** Opening EXTRACTED INFORMATION block **

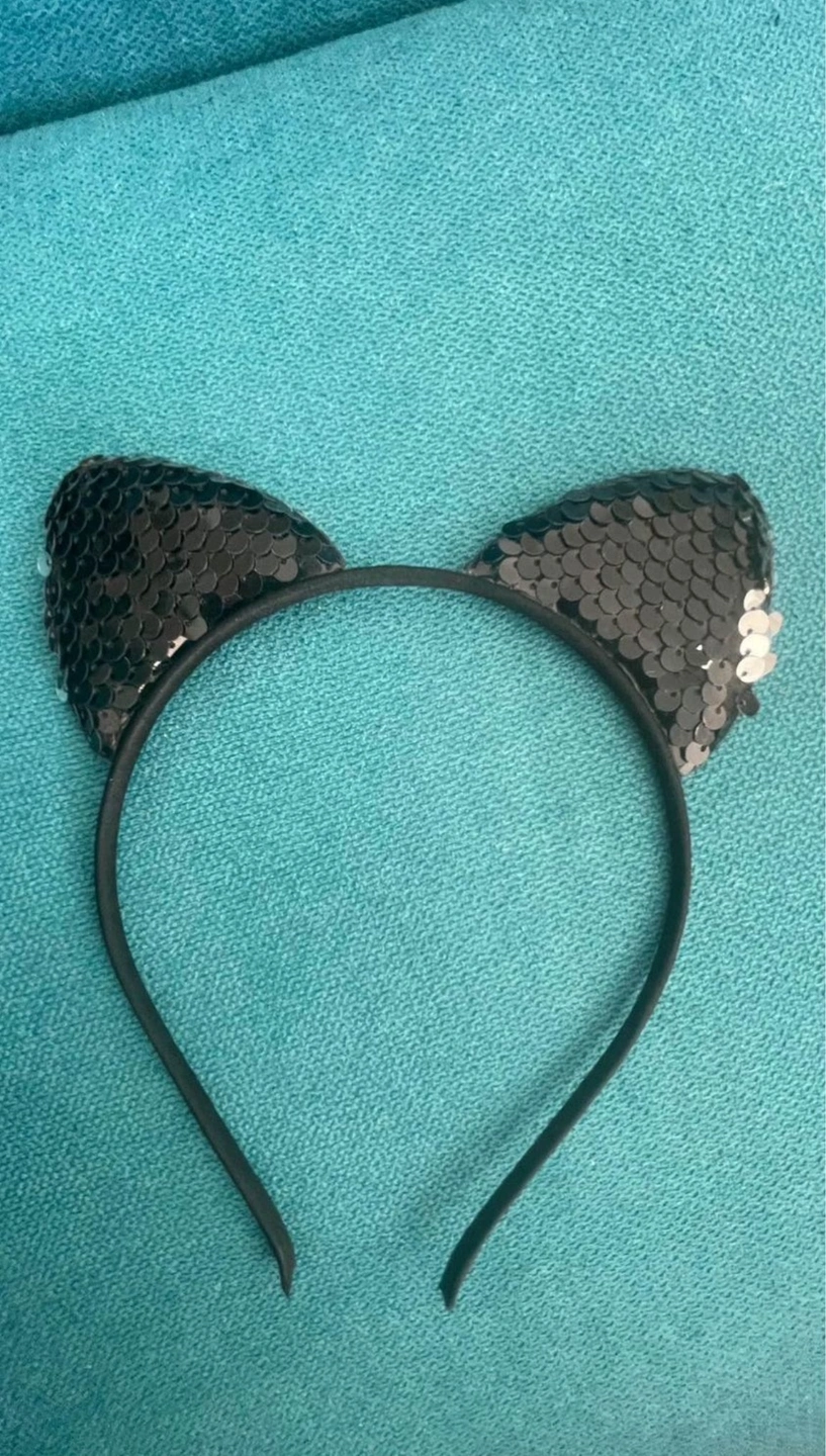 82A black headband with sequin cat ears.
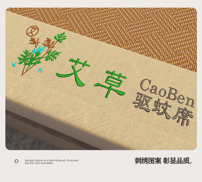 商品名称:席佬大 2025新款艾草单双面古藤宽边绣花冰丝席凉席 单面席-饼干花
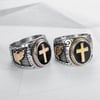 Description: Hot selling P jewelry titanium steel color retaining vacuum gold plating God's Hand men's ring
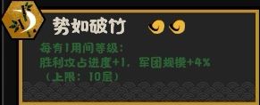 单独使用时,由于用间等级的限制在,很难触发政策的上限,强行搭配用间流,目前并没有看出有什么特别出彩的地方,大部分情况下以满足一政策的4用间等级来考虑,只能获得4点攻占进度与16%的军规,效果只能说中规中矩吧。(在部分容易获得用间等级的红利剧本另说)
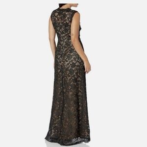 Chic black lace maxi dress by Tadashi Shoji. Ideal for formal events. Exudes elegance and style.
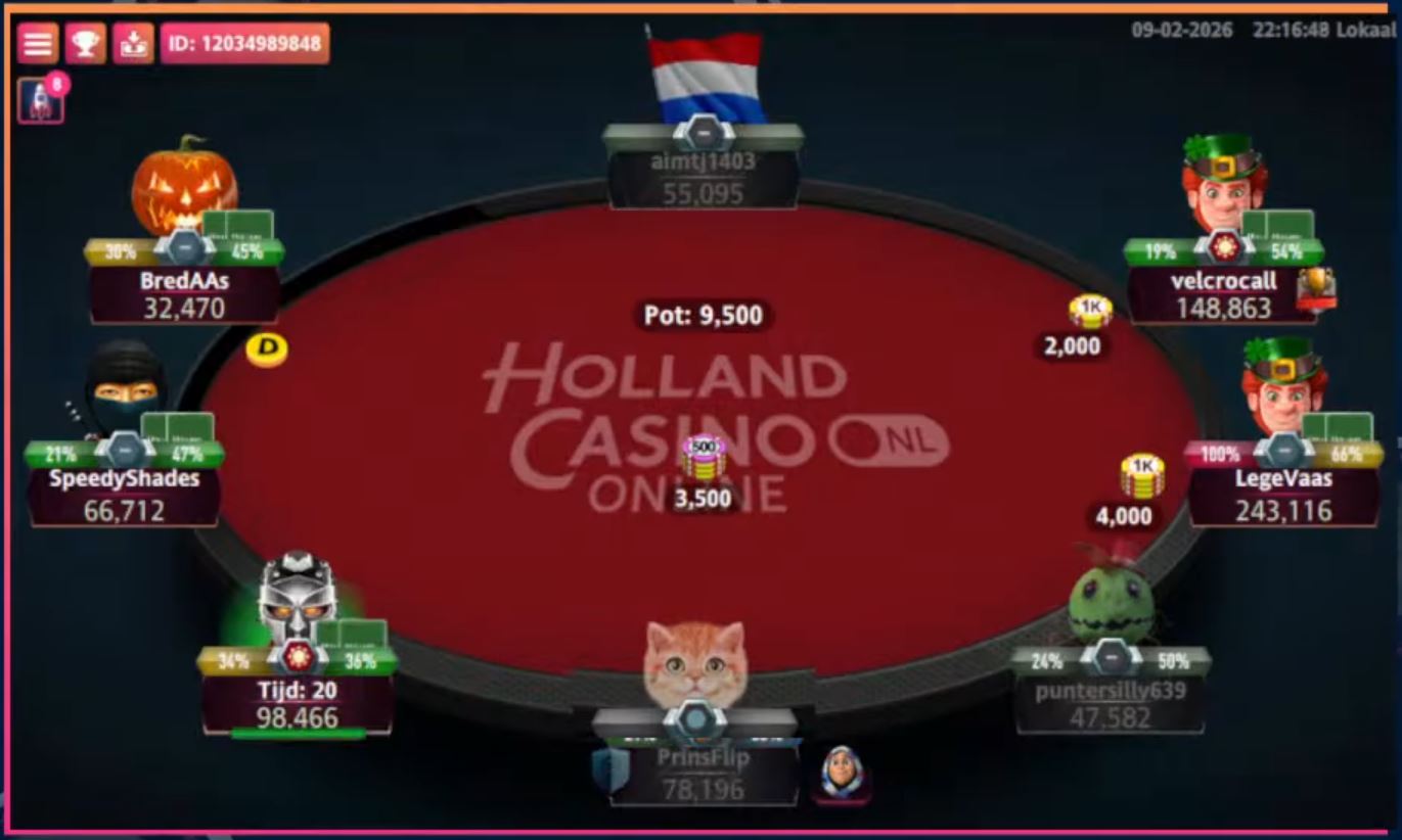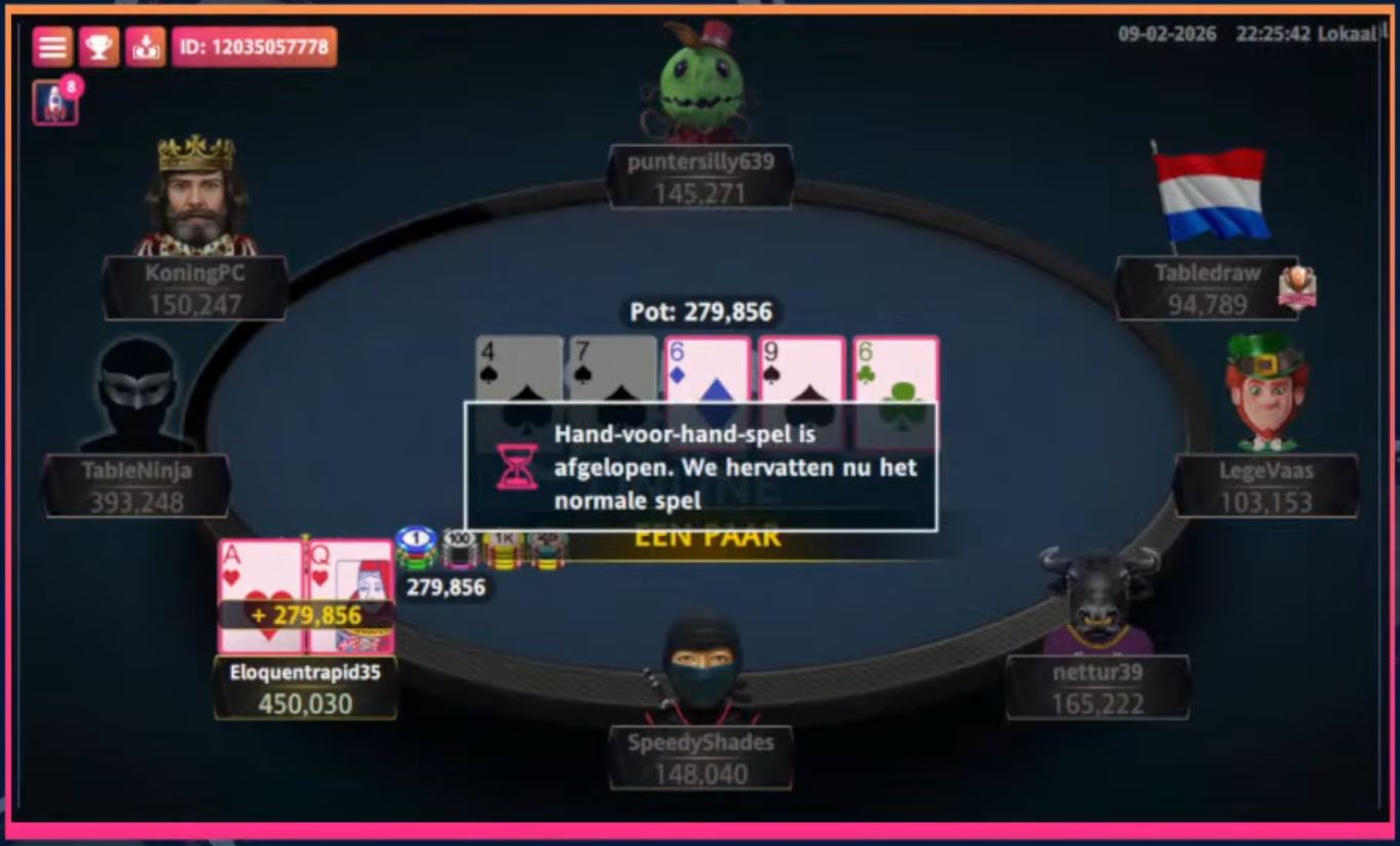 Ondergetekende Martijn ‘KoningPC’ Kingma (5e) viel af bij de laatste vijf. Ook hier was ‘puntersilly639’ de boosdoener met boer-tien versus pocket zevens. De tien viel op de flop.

** Closing EXTRACTED INFORMATION block **
** Opening EXTRACTED INFORMATION block **

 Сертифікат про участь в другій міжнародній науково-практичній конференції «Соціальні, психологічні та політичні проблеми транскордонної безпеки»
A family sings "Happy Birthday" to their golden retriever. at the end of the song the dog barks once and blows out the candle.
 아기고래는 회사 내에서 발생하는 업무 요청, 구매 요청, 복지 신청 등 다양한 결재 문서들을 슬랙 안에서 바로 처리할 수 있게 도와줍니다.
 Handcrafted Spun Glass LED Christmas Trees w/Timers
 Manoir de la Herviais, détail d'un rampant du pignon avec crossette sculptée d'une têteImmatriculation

** Closing EXTRACTED INFORMATION block **
** Opening EXTRACTED INFORMATION block **

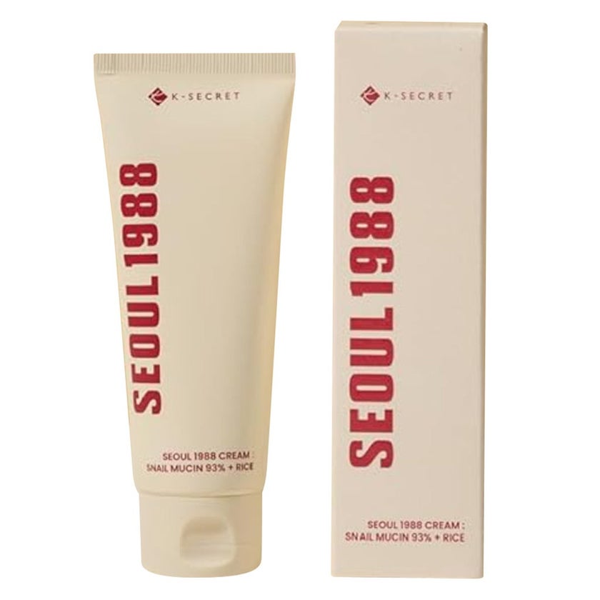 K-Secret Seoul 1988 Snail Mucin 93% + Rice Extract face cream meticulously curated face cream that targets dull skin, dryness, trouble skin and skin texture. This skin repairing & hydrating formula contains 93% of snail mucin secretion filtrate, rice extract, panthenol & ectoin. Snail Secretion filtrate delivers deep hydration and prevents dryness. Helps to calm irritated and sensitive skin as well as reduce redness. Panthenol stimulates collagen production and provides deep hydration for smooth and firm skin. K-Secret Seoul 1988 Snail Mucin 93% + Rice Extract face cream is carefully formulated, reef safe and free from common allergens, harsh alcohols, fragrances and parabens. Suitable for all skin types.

** Closing EXTRACTED INFORMATION block **

PROMPT> From the records above, transcribe exactly the lines starting at the one containing "单独使用时,由于用间等级的限" and ending at the one containing "Ondergetekende Martijn ‘KoningPC’". Skip the pictures.

TASK ANSWER>
 单独使用时,由于用间等级的限制在,很难触发政策的上限,强行搭配用间流,目前并没有看出有什么特别出彩的地方,大部分情况下以满足一政策的4用间等级来考虑,只能获得4点攻占进度与16%的军规,效果只能说中规中矩吧。(在部分容易获得用间等级的红利剧本另说)
 Chic black lace maxi dress by Tadashi Shoji. Ideal for formal events. Exudes elegance and style.
 Ondergetekende Martijn ‘KoningPC’ Kingma (5e) viel af bij de laatste vijf. Ook hier was ‘puntersilly639’ de boosdoener met boer-tien versus pocket zevens. De tien viel op de flop.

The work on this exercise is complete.